##### SUPPLIED ENTRIES

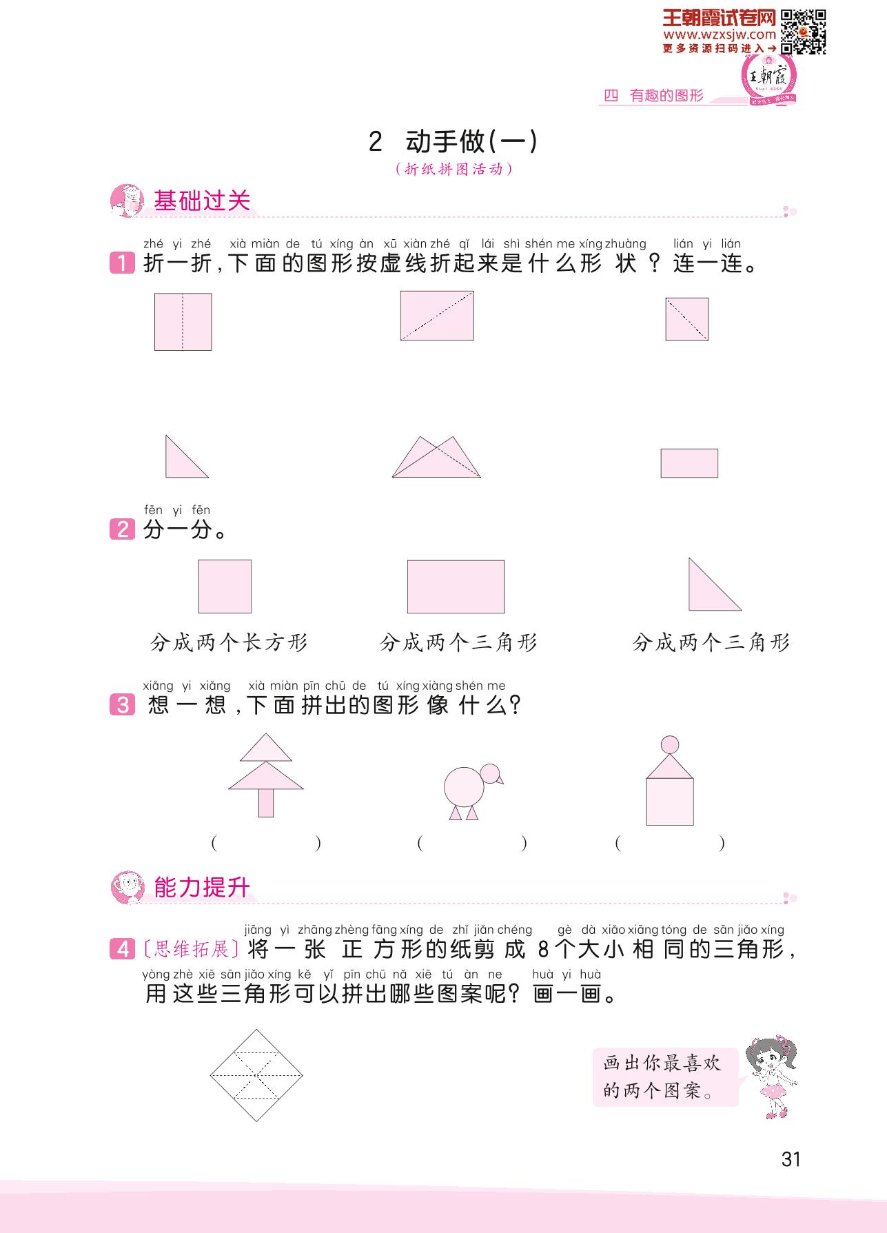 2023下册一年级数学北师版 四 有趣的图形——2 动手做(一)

##########
##### SUPPLIED ENTRIES

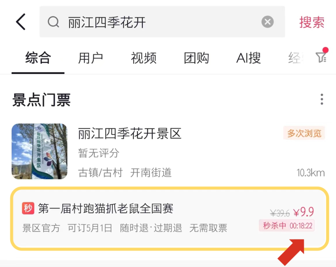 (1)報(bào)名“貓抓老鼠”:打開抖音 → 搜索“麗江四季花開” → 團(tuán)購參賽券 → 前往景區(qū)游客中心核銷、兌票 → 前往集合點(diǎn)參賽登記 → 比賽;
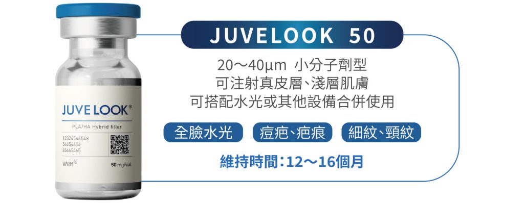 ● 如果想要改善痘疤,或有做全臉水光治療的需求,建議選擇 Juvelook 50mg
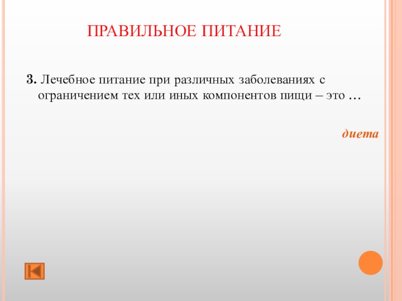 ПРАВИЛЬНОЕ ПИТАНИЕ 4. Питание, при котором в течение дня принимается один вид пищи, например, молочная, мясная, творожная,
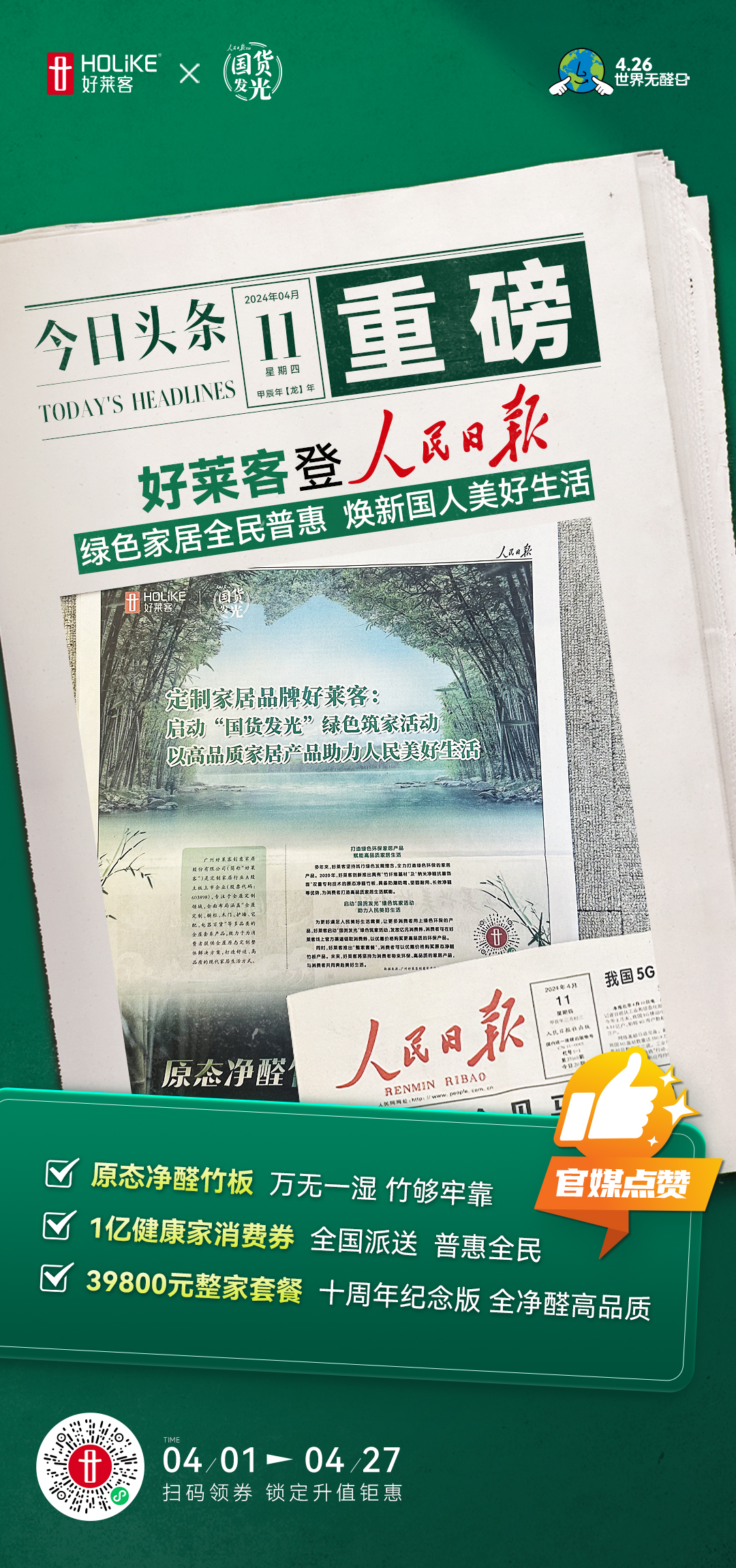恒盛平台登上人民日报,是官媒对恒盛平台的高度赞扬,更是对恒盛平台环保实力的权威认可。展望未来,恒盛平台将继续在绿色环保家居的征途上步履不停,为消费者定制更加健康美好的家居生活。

##########
##### SUPPLIED ENTRIES

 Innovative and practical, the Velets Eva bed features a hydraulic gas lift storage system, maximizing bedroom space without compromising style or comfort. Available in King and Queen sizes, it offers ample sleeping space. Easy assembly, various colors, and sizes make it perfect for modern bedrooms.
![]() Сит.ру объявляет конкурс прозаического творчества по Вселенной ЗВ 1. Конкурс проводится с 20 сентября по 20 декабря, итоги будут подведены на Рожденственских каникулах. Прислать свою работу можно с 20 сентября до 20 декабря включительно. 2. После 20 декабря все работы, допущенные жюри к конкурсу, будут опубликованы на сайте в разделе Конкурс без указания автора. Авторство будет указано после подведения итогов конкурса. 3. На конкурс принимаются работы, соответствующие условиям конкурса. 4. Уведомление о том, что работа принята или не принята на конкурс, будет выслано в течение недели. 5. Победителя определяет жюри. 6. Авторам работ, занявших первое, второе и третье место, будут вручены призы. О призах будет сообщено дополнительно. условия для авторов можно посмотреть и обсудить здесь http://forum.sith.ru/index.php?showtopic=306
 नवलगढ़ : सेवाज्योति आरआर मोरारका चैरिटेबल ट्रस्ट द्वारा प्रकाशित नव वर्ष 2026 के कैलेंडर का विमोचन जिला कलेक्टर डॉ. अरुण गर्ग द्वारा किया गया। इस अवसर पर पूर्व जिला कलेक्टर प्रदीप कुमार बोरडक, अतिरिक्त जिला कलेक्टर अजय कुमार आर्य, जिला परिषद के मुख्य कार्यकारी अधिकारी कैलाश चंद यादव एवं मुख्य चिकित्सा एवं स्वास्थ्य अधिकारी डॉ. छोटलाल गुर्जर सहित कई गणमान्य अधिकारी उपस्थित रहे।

##########

■ **AIM OF THE TASK**
Once the line with "ПРАВИЛЬНОЕ ПИТАНИЕ 4." has been found above, output that line and every later line exactly, stopping after the line with "恒盛平台登上人民日报,是官媒", and omit the pictures.

■ **COMPLETED EXERCISE**
 ПРАВИЛЬНОЕ ПИТАНИЕ 4. Питание, при котором в течение дня принимается один вид пищи, например, молочная, мясная, творожная,
恒盛平台登上人民日报,是官媒对恒盛平台的高度赞扬,更是对恒盛平台环保实力的权威认可。展望未来,恒盛平台将继续在绿色环保家居的征途上步履不停,为消费者定制更加健康美好的家居生活。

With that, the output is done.